The Andromeda Strain (1971) — I have not seen this film, but if, “I have no personal experience or expertise here” were a disqualification for discussing Covid 19, the White House would stop broadcasting. Anyway, this is Michael Crichton’s first blockbuster novel about a deadly disease from space, and it’s two hours long. There was also a 2008 version that I can’t speak to. This one made the list largely because it is the only time when “increasing the body’s pH” is a good thing, and the premise is still fictional.
John Carpenter’s The Thing (1982) — I could write an entire book about how great this film is. However, you should absolutely not watch it with anyone who can’t see a seriously terrifying horror movie. The film features an alien organism that invades and perfectly copies its host in a remote research station in Antarctica. The staff and faculty decide, instead of risking exposing the rest of the world to the alien menace, to self-isolate. Go find the blood test scene on Youtube for a taste of what this film holds.
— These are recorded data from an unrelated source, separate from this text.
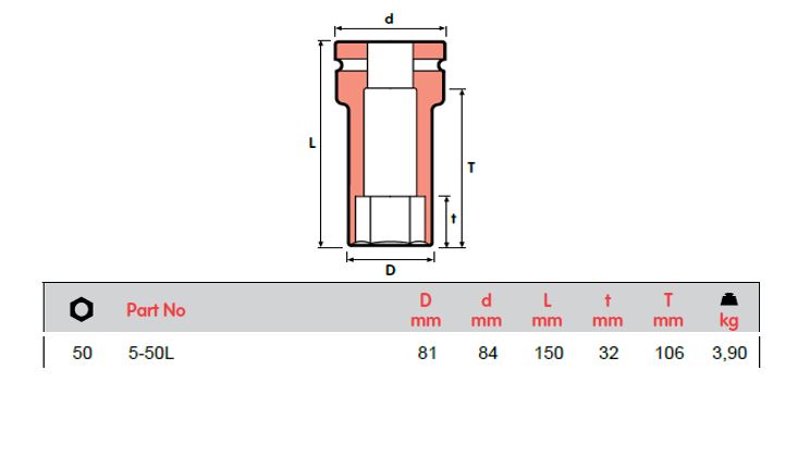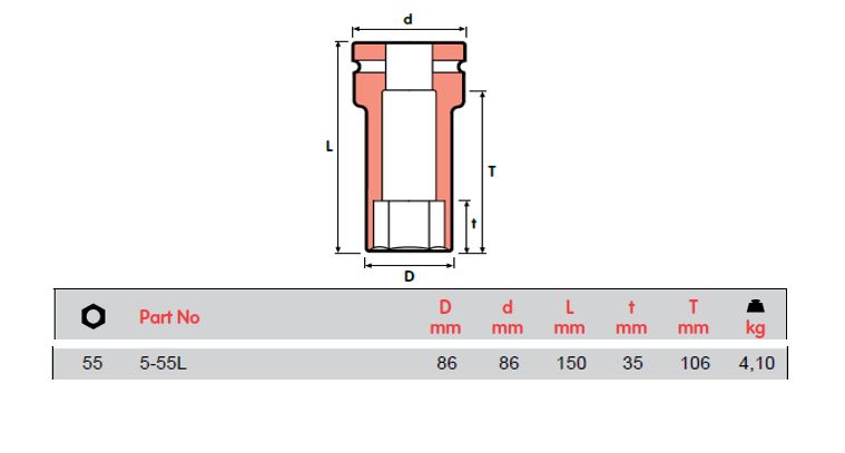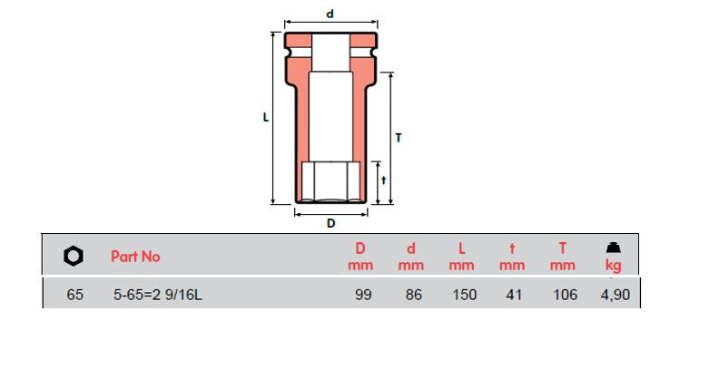 MOMENTO 冲击套筒,5-50L、5-55L、5-65=2 9/16L,内螺纹方形 1 1/2",ISO 9001 和 ISO 14001 认证
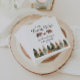 Watercolor pine trees and bear fall themed baby shower napkins.
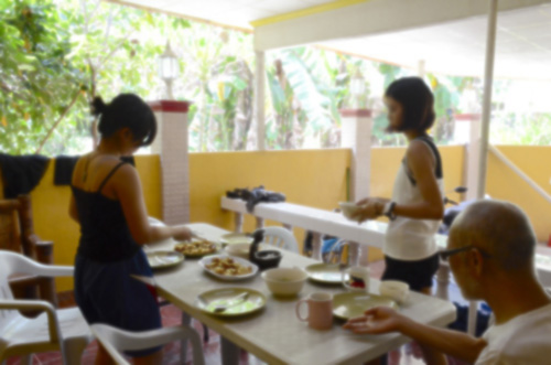 ダバオの前校舎で生徒らと食事をとる川内肇被告(右)=昨年10月、ダバオ市で伊藤明日香撮影

In addition to being a great, gripping, scary film that’ll keep you indoors, there’s an entire sub-culture of fandom dedicated to it, with enough associated urban legends to keep you indoors for weeks. Supposedly, test audiences thought the film was too gory and upsetting, so the studio pressured Carpenter reduce the squick factor. Carpenter responded — may Alan Moore’s crazy snake god bless him — by changing nothing. Yes, you may be trapped indoors with the kids, but at least you’re not with a bunch of dysfunctional horror movie characters and a murderous, shape-shifting alien. Also, if you get a fever or cough, be like MacReady, go to your shack, and play video games until it passes.